WORKING DATA:
· · · · ·

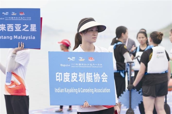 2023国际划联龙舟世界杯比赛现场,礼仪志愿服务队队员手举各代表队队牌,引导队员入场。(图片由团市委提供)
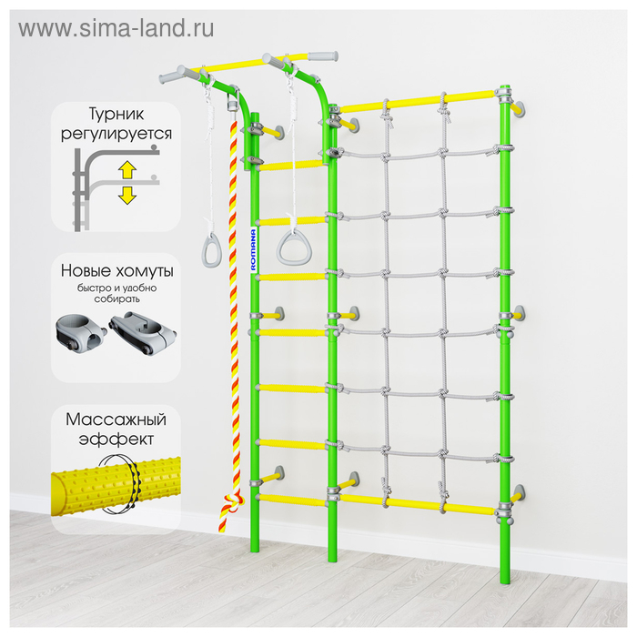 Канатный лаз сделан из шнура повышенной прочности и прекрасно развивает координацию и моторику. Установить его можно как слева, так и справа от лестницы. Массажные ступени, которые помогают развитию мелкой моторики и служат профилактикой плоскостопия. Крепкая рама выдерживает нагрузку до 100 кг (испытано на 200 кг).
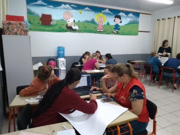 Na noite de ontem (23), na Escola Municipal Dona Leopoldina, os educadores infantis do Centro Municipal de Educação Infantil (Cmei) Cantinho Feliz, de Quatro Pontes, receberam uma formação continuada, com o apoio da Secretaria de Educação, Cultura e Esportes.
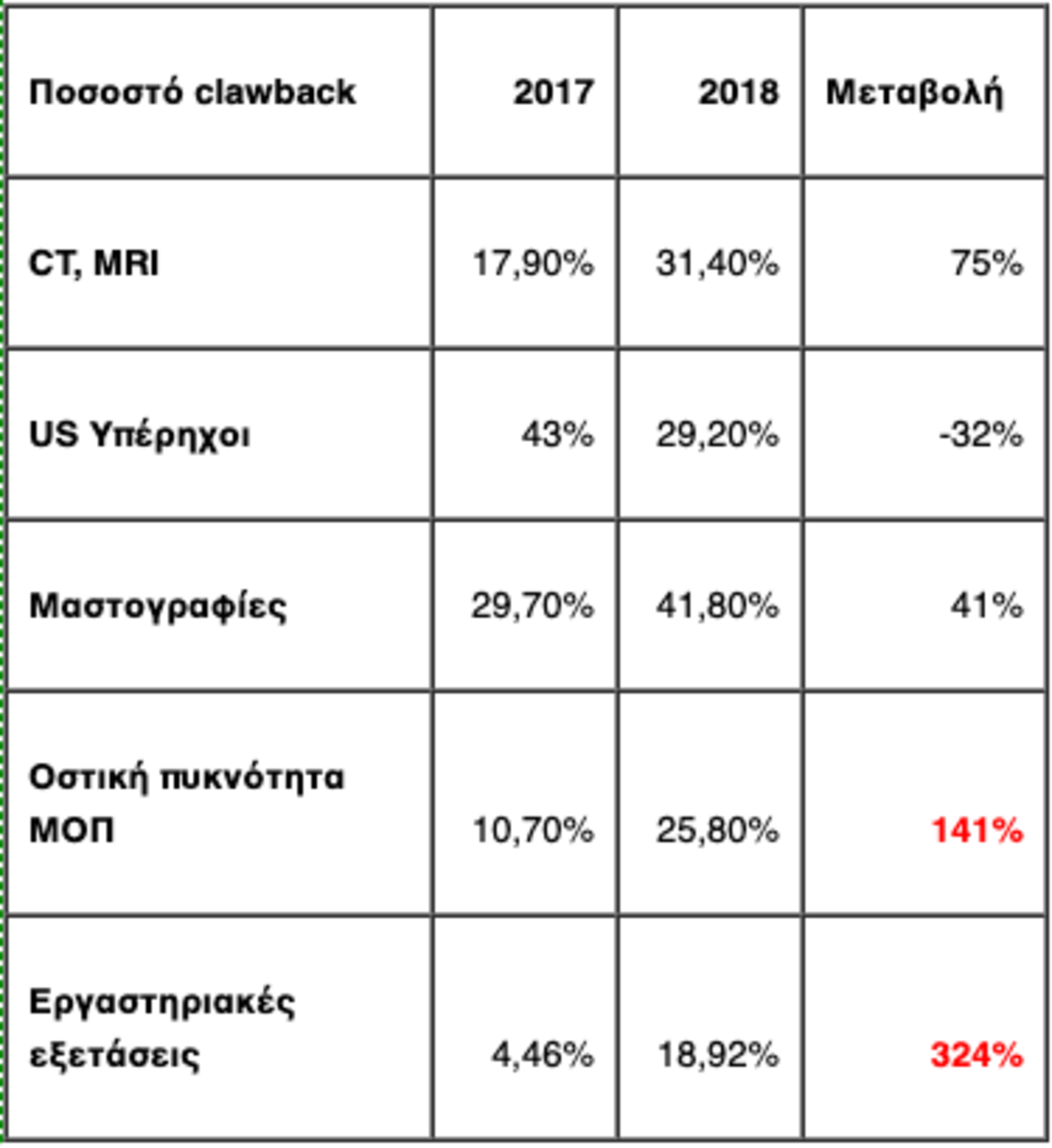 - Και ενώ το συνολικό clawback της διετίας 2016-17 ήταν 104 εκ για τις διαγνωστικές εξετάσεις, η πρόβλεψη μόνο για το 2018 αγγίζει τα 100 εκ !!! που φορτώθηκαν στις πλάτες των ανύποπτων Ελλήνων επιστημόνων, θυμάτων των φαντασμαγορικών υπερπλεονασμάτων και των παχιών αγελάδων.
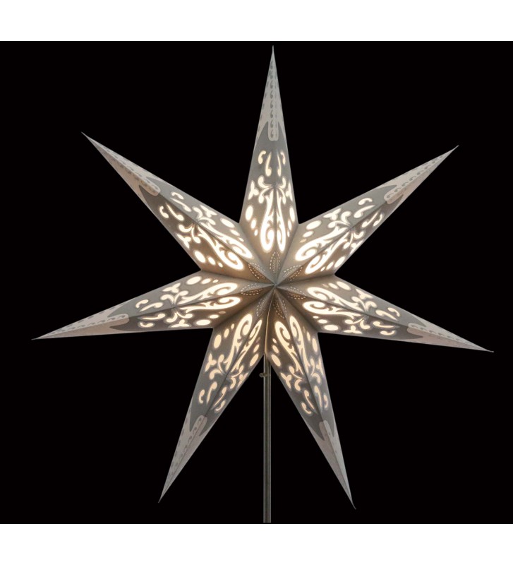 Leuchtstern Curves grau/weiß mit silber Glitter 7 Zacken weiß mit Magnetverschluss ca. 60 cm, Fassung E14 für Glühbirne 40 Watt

· · · · ·

TRY IT: Give again, word for word, each line from the one holding "Канатный лаз сделан" through the end of the entries, and leave out any picture.

RESPONSE AREA:
 Канатный лаз сделан из шнура повышенной прочности и прекрасно развивает координацию и моторику. Установить его можно как слева, так и справа от лестницы. Массажные ступени, которые помогают развитию мелкой моторики и служат профилактикой плоскостопия. Крепкая рама выдерживает нагрузку до 100 кг (испытано на 200 кг).
 Na noite de ontem (23), na Escola Municipal Dona Leopoldina, os educadores infantis do Centro Municipal de Educação Infantil (Cmei) Cantinho Feliz, de Quatro Pontes, receberam uma formação continuada, com o apoio da Secretaria de Educação, Cultura e Esportes.
 - Και ενώ το συνολικό clawback της διετίας 2016-17 ήταν 104 εκ για τις διαγνωστικές εξετάσεις, η πρόβλεψη μόνο για το 2018 αγγίζει τα 100 εκ !!! που φορτώθηκαν στις πλάτες των ανύποπτων Ελλήνων επιστημόνων, θυμάτων των φαντασμαγορικών υπερπλεονασμάτων και των παχιών αγελάδων.
 Leuchtstern Curves grau/weiß mit silber Glitter 7 Zacken weiß mit Magnetverschluss ca. 60 cm, Fassung E14 für Glühbirne 40 Watt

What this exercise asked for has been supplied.